*** Data for analysis ***

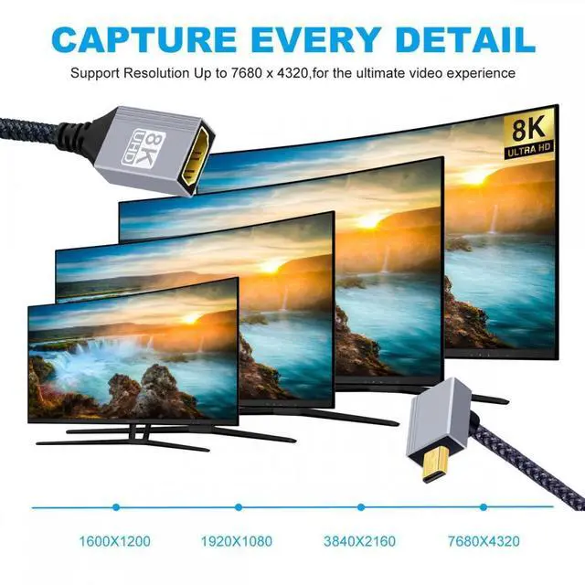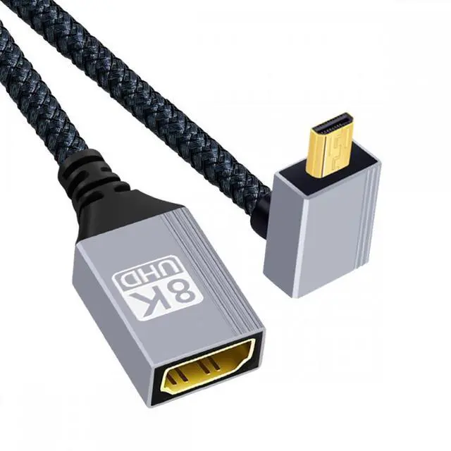 8K Type-D Micro HDMI 2.1 Male Angled 90 Degree to HDMI Female Extension HDTV Cable for DV Camera Laptop Portable Monitor
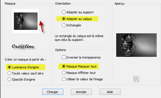 1. Ouvrir votre calque Alpha sélection dans votre psp /Maj D pour le dupliquer Ou Fenêtre /dupliquer Nous travaillons sur la copie Versez la couleur avant plan dans votre calque Calque/nouveau calque Versez la couleur arrière plan Calque /charger/enregistrer un masque / à partir du disque
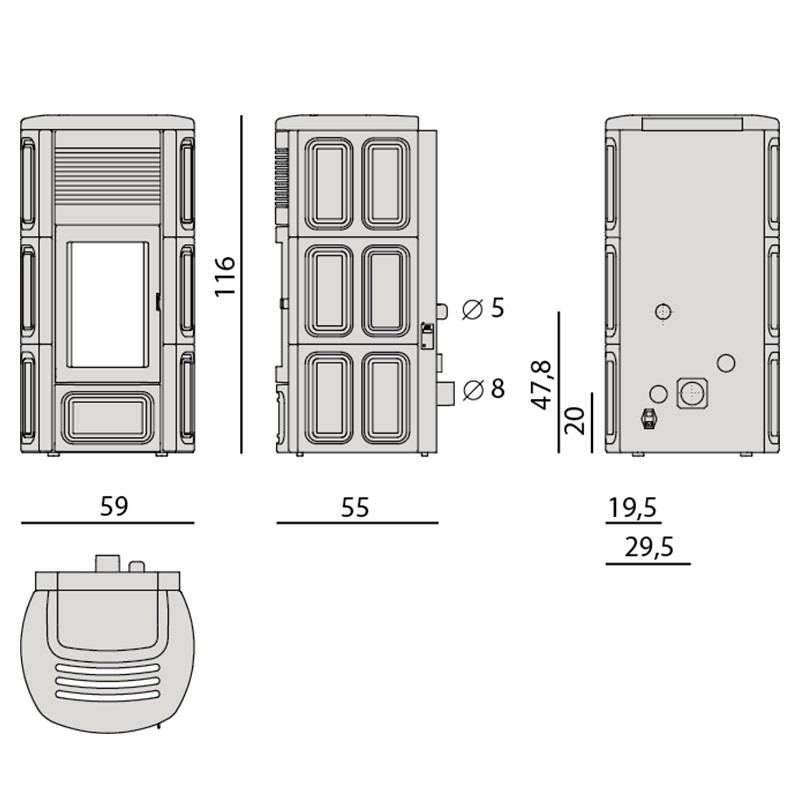 – Rookgasafvoer: Ø 80 mm
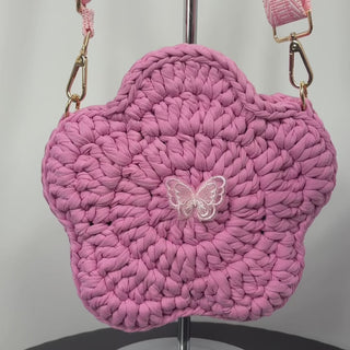 Handmade Crochet Flower Crossbody Purse for Kids – Bubblegum Pink
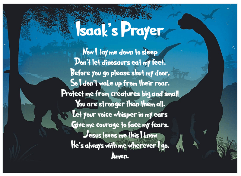 I came up with a fun faith-building and imaginative project this weekend. I sat down with each kid and we wrote a custom bedtime prayer together. They chose the theme and background image, and helped me pick out a cool font to go with it. Then we had fun with rhymes. Printed them out and put them in frames to go over their bed. They are so proud. Check ’em out and try your own!
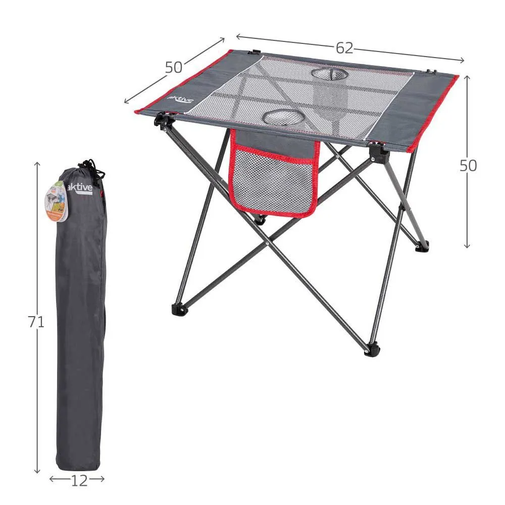 Gray Camping Folding Table with Details in Red Aktive Camping with 2 coasters and lateral grid pocket to save your belongings.
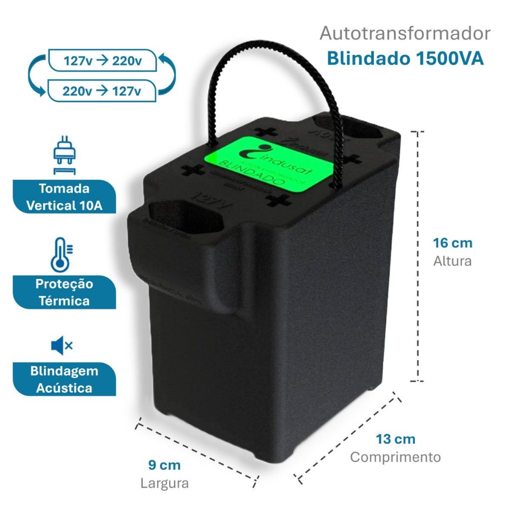 O autotransformador BLINDADO INDUSAT 1500va - 975W tem tomada 20A, converte 110v para 220v e 220v para 110v, possui proteção térmica e blindagem acústica. É um produto fabricado com tecnologia que garante excelente funcionamento com durabilidade e segurança ao usuário. Nessa gama de produtos temos a confiabilidade da nossa marca, a qualidade e o suporte técnico de fábrica com mais de 40 anos de tradição no mercado. Modelos: 500va / 750va / 1010va / 1500va / 2000va / 3000va / 5000va Tomada 20A 3 pinos NBR 14136 127v/220v <--> 220v/127v Garantia - 1 ano Marca/Fabricante - Indusat Frequência - 60hz Potência - 1500VA / 975W Indicação de Uso - Centrífuga / Cortador de Grama / Freezer (360l, 420l) / Geladeira (360l, 440l) / Torradeira -> Até 975w

***

§ **Exercise directions**
Exclude images and repeat all entries exactly.

§ **Response**
 8K Type-D Micro HDMI 2.1 Male Angled 90 Degree to HDMI Female Extension HDTV Cable for DV Camera Laptop Portable Monitor
 1. Ouvrir votre calque Alpha sélection dans votre psp /Maj D pour le dupliquer Ou Fenêtre /dupliquer Nous travaillons sur la copie Versez la couleur avant plan dans votre calque Calque/nouveau calque Versez la couleur arrière plan Calque /charger/enregistrer un masque / à partir du disque
 – Rookgasafvoer: Ø 80 mm
 Handmade Crochet Flower Crossbody Purse for Kids – Bubblegum Pink
 I came up with a fun faith-building and imaginative project this weekend. I sat down with each kid and we wrote a custom bedtime prayer together. They chose the theme and background image, and helped me pick out a cool font to go with it. Then we had fun with rhymes. Printed them out and put them in frames to go over their bed. They are so proud. Check ’em out and try your own!
 Gray Camping Folding Table with Details in Red Aktive Camping with 2 coasters and lateral grid pocket to save your belongings.
 O autotransformador BLINDADO INDUSAT 1500va - 975W tem tomada 20A, converte 110v para 220v e 220v para 110v, possui proteção térmica e blindagem acústica. É um produto fabricado com tecnologia que garante excelente funcionamento com durabilidade e segurança ao usuário. Nessa gama de produtos temos a confiabilidade da nossa marca, a qualidade e o suporte técnico de fábrica com mais de 40 anos de tradição no mercado. Modelos: 500va / 750va / 1010va / 1500va / 2000va / 3000va / 5000va Tomada 20A 3 pinos NBR 14136 127v/220v <--> 220v/127v Garantia - 1 ano Marca/Fabricante - Indusat Frequência - 60hz Potência - 1500VA / 975W Indicação de Uso - Centrífuga / Cortador de Grama / Freezer (360l, 420l) / Geladeira (360l, 440l) / Torradeira -> Até 975w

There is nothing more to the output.